Furthermore, if the DoD mandatory reporting obligation were to extend to more routine compromises of controlled technical data on an IT system (e.g., a contractor’s release of ITAR-controlled technical data to an unauthorized foreign national employee; or releasing data on an IT system to an unauthorized foreign contractor or licensee), then the question arises whether such incidents qualify for “voluntary disclosure” credit if reported in parallel or after the 72 hour report that would be required to DoD. And if a contractor or subcontractor decides not to report such incidents to DDTC or the Bureau of Industry and Security (BIS) (assuming no mandatory duty to report exists under their respective export control regimes), will the contractor (or subcontractor) experience reduced mitigation credit in the event that an export control agency were to learn of the incident and that it was previously reported to DoD?

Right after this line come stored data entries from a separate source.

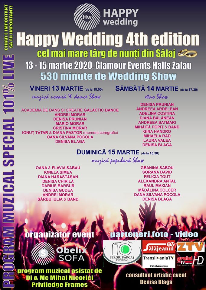 Vă propunem un program artistic special în cadrul evenimentului Happy Wedding 4th edition, cel mai mare târg de nunți din Sălaj. Toți acești artiști pot performa LIVE chiar la nunta ta sau la orice alte evenimente cu adevărat importante. Ei chiar sunt rețeta concretă pentru o atmosferă reușită. Îți dorești asta? Perfect! Vino să-i vezi și o să ne crezi. Ți-am pregătit 3 zile incredibile!
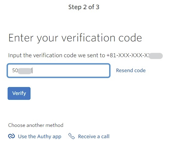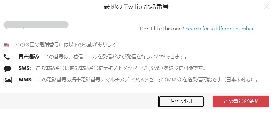 表示された番号は米国の番号ですが、日本の番号にSMS送信を試すだけなので問題ありません。この番号を選択します。
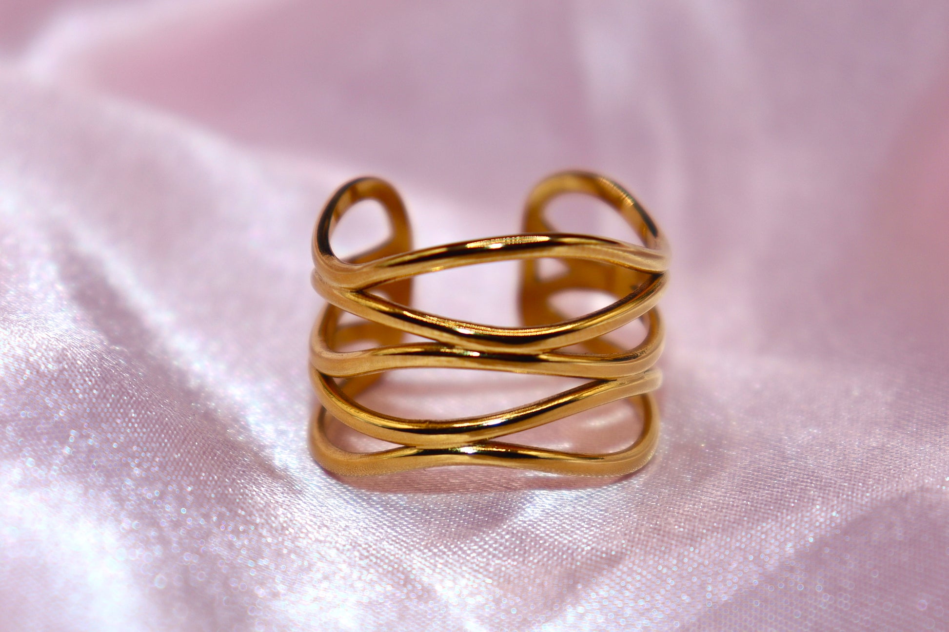 A golden abstract ring with cosmic curves and artistic flair. Durable stainless steel makes it wearable every day, with a 3-year guarantee.
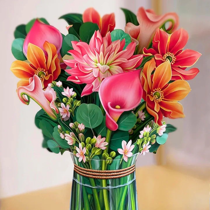 大量の現物3d母の日のグリーティングカードの大きな花束は花のお祝いを手に持っている
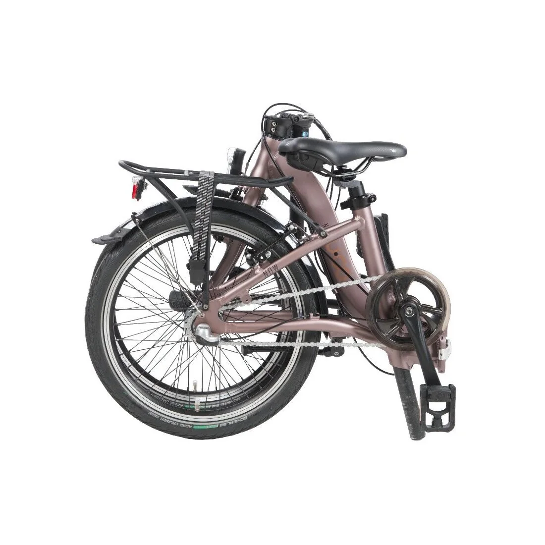 De vouwfiets wordt geleverd met handige accessoires, waaronder een aluminium drager, koplamp en achterlicht, magneet sluiting en snelbinders. Hierdoor kun je gemakkelijk je spullen meenemen en ben je altijd goed zichtbaar in het verkeer. De vouwfiets heeft een unieke kleur, marroon brown, die zorgt voor een stijlvolle uitstraling.

The rule may also pose a challenge for large contractors because their unclassified corporate systems are so large (and presumably subject to potential compromise so frequently), that it may be difficult to comply with the 72-hour rule even if reporting is only at a high level. In addition, larger contractors may not always know what data was compromised or which contracts were affected.
- Subcontractor Flow Down Requirement
The contract clause contains a mandatory flow down to all tiers of subcontractors. Furthermore, the flow down requirement is applicable to commercial item procurements, making it broadly applicable throughout the government contract supply chain, to include entities that supply commercial items but otherwise have controlled technical information on their IT system.

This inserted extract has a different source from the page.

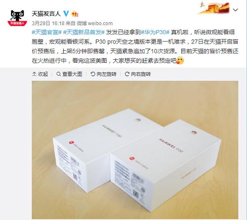 根据天猫发言人官方微博数据显示,华为P30的预售情况非常火爆,其中P30 Pro天空之境版本更是一机难求,3月27日在天猫开启盲价预售后,上架5分钟即售罄,天猫紧急追加了10次货源。预售火热程度可见一斑。

The rule has potentially significant ramifications for the supply chain. Many large DoD contractors already may have systems in place to prevent and detect potential cyber intrusions and that already meet the specified NIST standards. It is less likely, however, that small and medium-sized subcontractors have such systems.
There is no separate definition of “subcontractor” in this rule or reference to any of the various other definitions of this term in the FAR; nor is it clear how broadly DoD will construe “subcontractor” for purposes of this rule. We note that the preamble to this new rule states that the requirements can apply to ISPs and cloud computer vendors. Those vendors, and other entities that deal with US Government contractors, might not consider themselves subcontractors or be subject to other FAR/DFARS flow downs. This is particularly true for “overhead” or “shared service” type vendors or suppliers. It is possible that primes will attempt further flow downs to these entities, and this could be an area of possible future controversy between primes and putative subs.
Note also that the mandatory cyber incident reporting requirements to the US Government appear to be from the subcontractor to the prime contractor and the prime contractor to the Government rather than from the subcontractor to the US Government. This would provide additional responsibilities on the prime contractor, and be another source of potential tension in the commercial relationship.
In sum, this rule presents some difficult questions for DoD contractors and subcontractors and is part of a rapidly evolving statutory and regulatory regime that affects government contractors.